[Start of section]

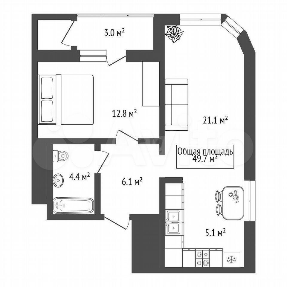 - Общая площадь 49.7 м2
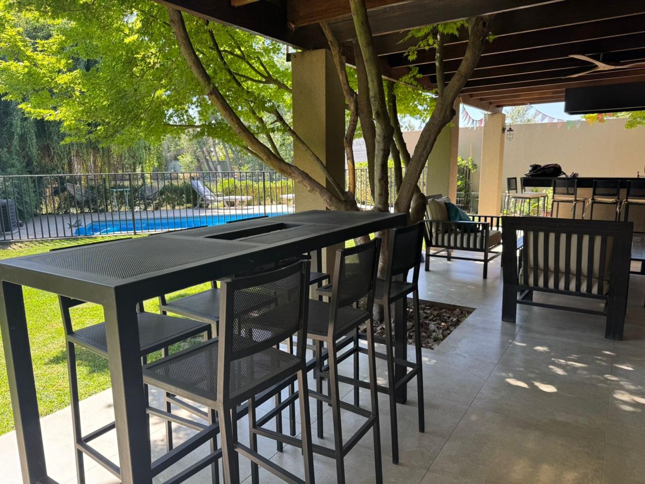 En el exterior, podrás disfrutar de un maravilloso patio con vista a la Laguna de Santa Elena, ideal para el descanso y la vida al aire libre. La casa cuenta con un completo quincho y una piscina temperada, perfectos para reuniones y entretención durante todo el año.
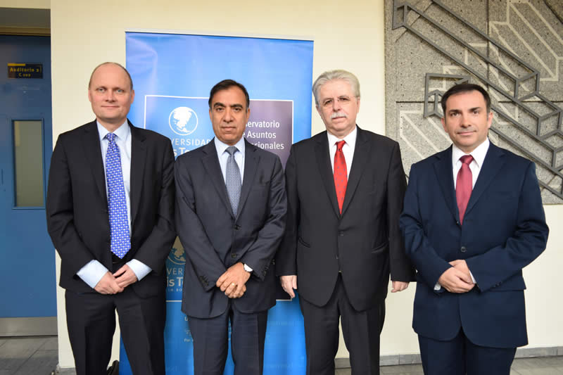 Posteriormente, los embajadores invitados, expusieron sobre los organismos que rigen por dentro la UE, dando cuenta de 4 ejes centrales. Miklós Deák, embajador de Hungría, los denominó como “El Consejo de la UE, el Consejo Europeo, la Comisión Europea, y el Parlamento Europeo son el ABC de las instituciones en la UE”. Se refirieron además, por los grandes retos que se les avecinan, tales como la solución al cambio climático, y la lucha contra el terrorismo, destacando la labor de nuestro país en materias climáticas. “La Presidenta Michelle Bachelet es una gran referente de la UE en América en materia de conciencia ecológica, ella fue la primera de Latinoamérica que habló de ese tema en un discurso ante la ONU en 2015”, sostuvo Andersen.
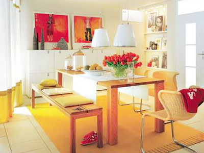 餐廳以紅、黃、白做主打,白色做過渡,把紅**和黃色搭配的很漂亮。餐廳墻壁做了白色實(shí)用型的柜子,在柜子上擺放了紅色及綠色的裝飾品,單調(diào)的感覺一下子就不見了。餐桌的兩邊擺放了不樣的椅子,一邊擺放了長方型的椅子很實(shí)用,人多可以擠一擠。另一邊則擺放了藝術(shù)造型的椅子,整體設(shè)計(jì)的很別致。
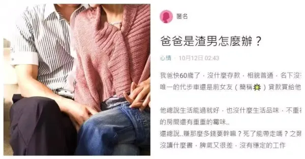沒存款沒房!60歲普男爸「身邊女友沒斷過」次次劈腿告終 女兒不解問「阿姨們到底圖啥」網友曝關鍵
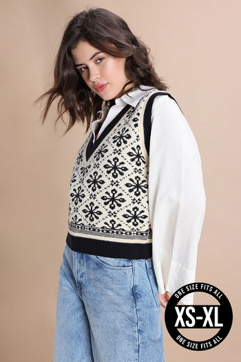 Zivame Retro Peek Sleeveless Sweater - Off White
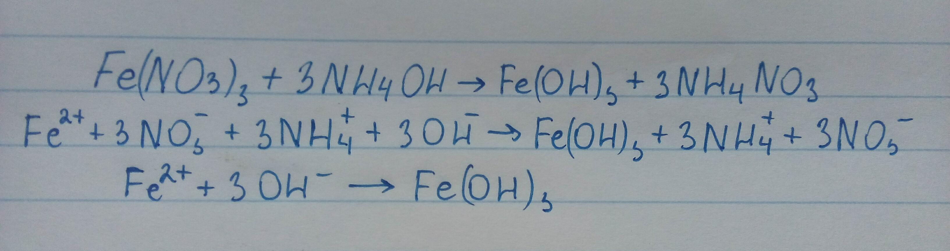 Запишите уравнение реакции водного раствора аммиака с нитратом железа (III), составьте его в полном и кратком ионном виде. Это очень срочно!!!

[End of section]

Instructions for the task:
Make a word-for-word copy of the entries, without any pictures.

Task result:
 - Общая площадь 49.7 м2
 En el exterior, podrás disfrutar de un maravilloso patio con vista a la Laguna de Santa Elena, ideal para el descanso y la vida al aire libre. La casa cuenta con un completo quincho y una piscina temperada, perfectos para reuniones y entretención durante todo el año.
 Posteriormente, los embajadores invitados, expusieron sobre los organismos que rigen por dentro la UE, dando cuenta de 4 ejes centrales. Miklós Deák, embajador de Hungría, los denominó como “El Consejo de la UE, el Consejo Europeo, la Comisión Europea, y el Parlamento Europeo son el ABC de las instituciones en la UE”. Se refirieron además, por los grandes retos que se les avecinan, tales como la solución al cambio climático, y la lucha contra el terrorismo, destacando la labor de nuestro país en materias climáticas. “La Presidenta Michelle Bachelet es una gran referente de la UE en América en materia de conciencia ecológica, ella fue la primera de Latinoamérica que habló de ese tema en un discurso ante la ONU en 2015”, sostuvo Andersen.
 餐廳以紅、黃、白做主打,白色做過渡,把紅**和黃色搭配的很漂亮。餐廳墻壁做了白色實(shí)用型的柜子,在柜子上擺放了紅色及綠色的裝飾品,單調(diào)的感覺一下子就不見了。餐桌的兩邊擺放了不樣的椅子,一邊擺放了長方型的椅子很實(shí)用,人多可以擠一擠。另一邊則擺放了藝術(shù)造型的椅子,整體設(shè)計(jì)的很別致。
沒存款沒房!60歲普男爸「身邊女友沒斷過」次次劈腿告終 女兒不解問「阿姨們到底圖啥」網友曝關鍵
 Zivame Retro Peek Sleeveless Sweater - Off White
 Запишите уравнение реакции водного раствора аммиака с нитратом железа (III), составьте его в полном и кратком ионном виде. Это очень срочно!!!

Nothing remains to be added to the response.